RECORDS FOR THE TASK Block Start
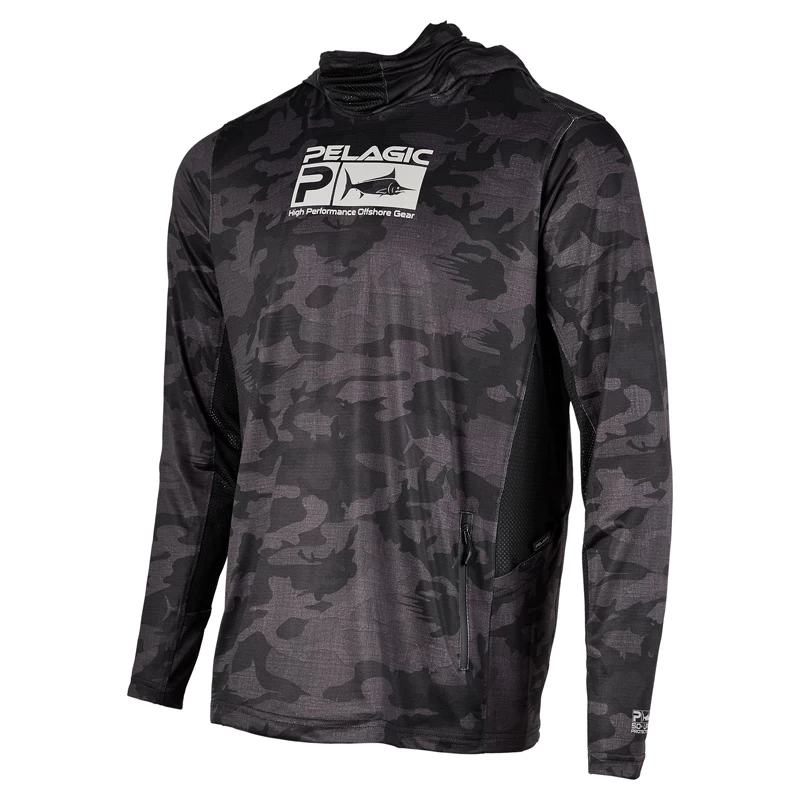 Pelagic Exo Tech Hoody Fish Camo Black is een water- en vuilafstotende hoody met extra ventilatie. Een lichtgewicht hoody voor warm weer!
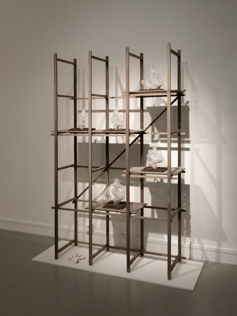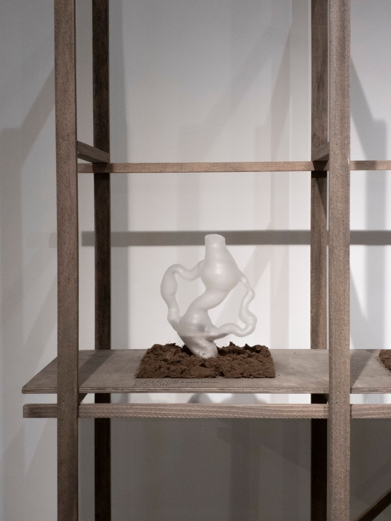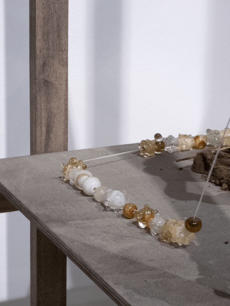 Les délaissées, installation, bois, terre et verre borosilicate, Juin 2024.
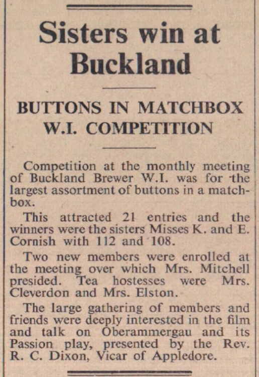 At Buckland Brewer WI, sisters Misses K and E Cornish won the competition.
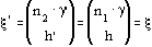 Nastêpny przypadek, który rozpatrzymy to transformacja macierzy promienia x na granicy dwóch ośrodków o różnych współczynnikach załamania n1 i n2. Jak widaæ na rys. 24 wysokośæ h i h są tym razem jednakowe, h = h, natomiast zmianie ulegnie kąt g . Z prawa Snella w przybliżeniu małych kątów mamy n1× g = n2× g a wiêc:
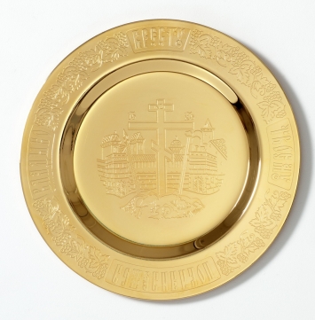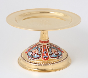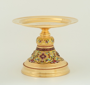Дискос с поддискосником / ф280мм-конус потира 2,0л / филигрань, эмаль, ручная гравировка / золочение
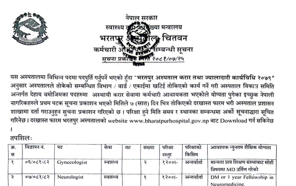 भरतपुर अस्पतालमा कर्मचारी आवश्यकता सम्बन्धी सूचना
RECORDS FOR THE TASK Block End
» **WORK INSTRUCTIONS**
When you reach a picture, pass over it; write out all other material exactly.

» **SOLVED PROBLEM**
 Pelagic Exo Tech Hoody Fish Camo Black is een water- en vuilafstotende hoody met extra ventilatie. Een lichtgewicht hoody voor warm weer!
 Les délaissées, installation, bois, terre et verre borosilicate, Juin 2024.
 At Buckland Brewer WI, sisters Misses K and E Cornish won the competition.
 Nastêpny przypadek, który rozpatrzymy to transformacja macierzy promienia x na granicy dwóch ośrodków o różnych współczynnikach załamania n1 i n2. Jak widaæ na rys. 24 wysokośæ h i h są tym razem jednakowe, h = h, natomiast zmianie ulegnie kąt g . Z prawa Snella w przybliżeniu małych kątów mamy n1× g = n2× g a wiêc:
Дискос с поддискосником / ф280мм-конус потира 2,0л / филигрань, эмаль, ручная гравировка / золочение
 भरतपुर अस्पतालमा कर्मचारी आवश्यकता सम्बन्धी सूचना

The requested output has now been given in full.